La semilla no pudo notar nada. Allí, recogida, no podía sentir la diferencia. ¿Cómo notar que, en adelante, ese agua del subsuelo no se la llevaría el pino? Siguió su curso, y en primavera nació el germen verde. Lo hacen decenas y miles de otros cada año. Aunque muy pocos consiguen arraigar. La probabilidad no ayudaba. Pero el pino había caído.

La primavera la pasó escondida entre malas hierbas. Más altas, más densas, pero con menos futuro. Ese año nadie segó el lugar. Quizá eso fue lo que salvó al brote. Llegó el invierno. Seco de nuevo, tras un otoño torrencial. Las hierbas fueron cediendo: se habían estirado demasiado, sin tener raíces profundas. Pero el fruto de la bellota no. Había sido más precavido. No trabajó para ser más visto, sino que cavó bajo tierra para buscar proyección.
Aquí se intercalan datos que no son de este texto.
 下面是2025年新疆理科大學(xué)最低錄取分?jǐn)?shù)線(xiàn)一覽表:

Y se había arrimado a un buen árbol. Un árbol que le cedió su lugar. Su buena sombra ya no le cobijaba. Ahora podría ver el sol. De momento aún hacía frío.

Un día, el agua volvió a caer. El verdor a crecer. El calor llegaba de nuevo. Y esta vez salía gente de la masía. Y talaron el pino caído. Un niño podaba los brotes verdes en lo bajo de los troncos de los árboles: ciruelos, encinas, alcornoques. Descubrió el pequeño roble que crecía con el viejo pino. ¿Cómo había podido ir a parar allí? Decidió ayudarlo. Lo guardó arrimado. Lo regó. Le podó las hojas bajas. Y esperó al año siguiente.
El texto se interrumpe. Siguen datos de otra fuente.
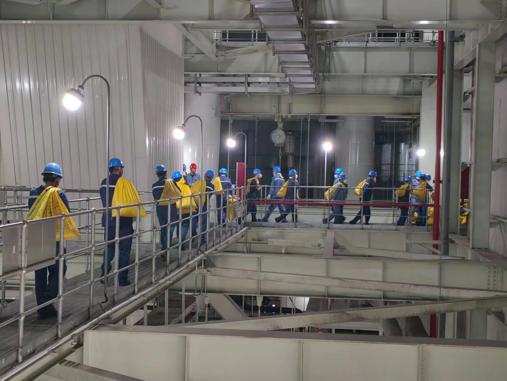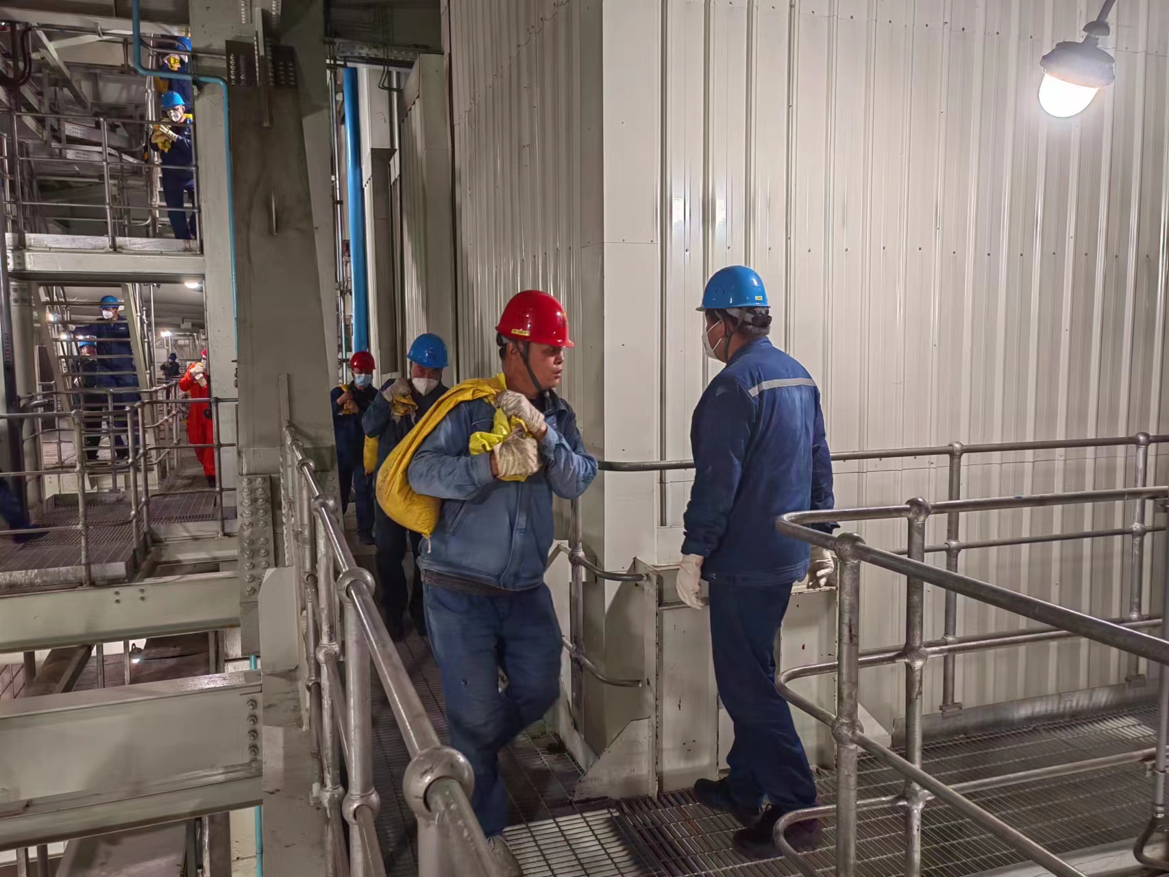 8月14日,一支由党员、退役军人、管理人员、青年员工组成的队伍,赶赴锅炉房4层进行灰渣袋倒运,室内高温足以让人汗流浃背,一千多袋灰渣足以让平常人畏惧退缩。大家佩戴好劳动防护用品,铲灰、扫灰、装袋,井然有序,几十斤重的灰渣袋,两手一甩送上肩膀,分量轻的,自我“加压”再来一袋。

Fueron años de la misma historia. Paciencia.

Primavera, verano, otoño, invierno. Una y otra vez, el ciclo repetido. Tiempo al tiempo. Y el árbol iba creciendo. Centímetros. Un metro. Una ramita dura, marrón, ya no sólo verde oscura. Cinco, diez, veinte hojas. Cuarenta. Un tronco fino, no más ancho que un dedo. Llegó otra vez el invierno. Un verano. Otra primavera. Aquél otoño. La naturaleza se abría camino. La vida seguía su curso. Hay árboles centenarios, los hay milenarios. El secreto es la tranquilidad. La paciencia. Las noches frías de invierno, las solas tardes de otoño.
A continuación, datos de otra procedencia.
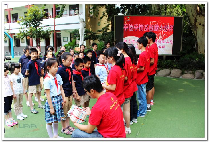 6月21日上午,在南京市御道街小学操场上举行了由该小学和我校“格桑花开”西藏支教团队共同举办的“手拉手”图书捐赠仪式,自动化学院党委书记沈伯秀、御道街小学高校长等领导嘉宾出席了仪式。 仪式上,小学一到五年级的小同学代表们分别向支教团的大哥哥大姐姐送上了捐赠的图书和给西藏小朋友们的祝福。

Han pasado ya más de quince años, y aquella tenue promesa es ahora una estilizada silueta. Alta, homogénea, con un tronco que no se abarca sin la ayuda de las dos manos. Habían retirado ya los restos del viejo pino. Había sido delicado, porque al arrancar la raíz, el roble perdió sus bases. Pero aguantó. Habían sido años de curas, horas de cuidados. Una colonia de insectos atacó su base un verano. Un cruel juego infantil le rasgó la corteza y le hizo sangrar resina. Alguien paró el ataque a tiempo. El roble siguió su curso.

Hoy, tan sólo un hecho deja entrever su pasado. El roble tiene la copa fornida, verde, grande, uniforme alrededor de un tronco superior recto. Pero el roble está torcido. Empieza oblicuo, en dirección al lugar dónde un día hubo el tronco de un pino. Cuando alcanza ese punto, endereza su paso al andar, busca el cielo y obtiene la vertical. Es como si el roble quisiera poner su copa encima de las raíces del árbol a los pies de quien creció, aún teniendo que desviarse de las suyas propias. Es como si quisiera agradecer a quien dio su vida por la suya. El roble nos señala el lugar dónde quedaba aquél pino.

Hoy ha llovido. Ha vuelto a coger fuerzas. El roble está torcido, pero guarda todo su sentido.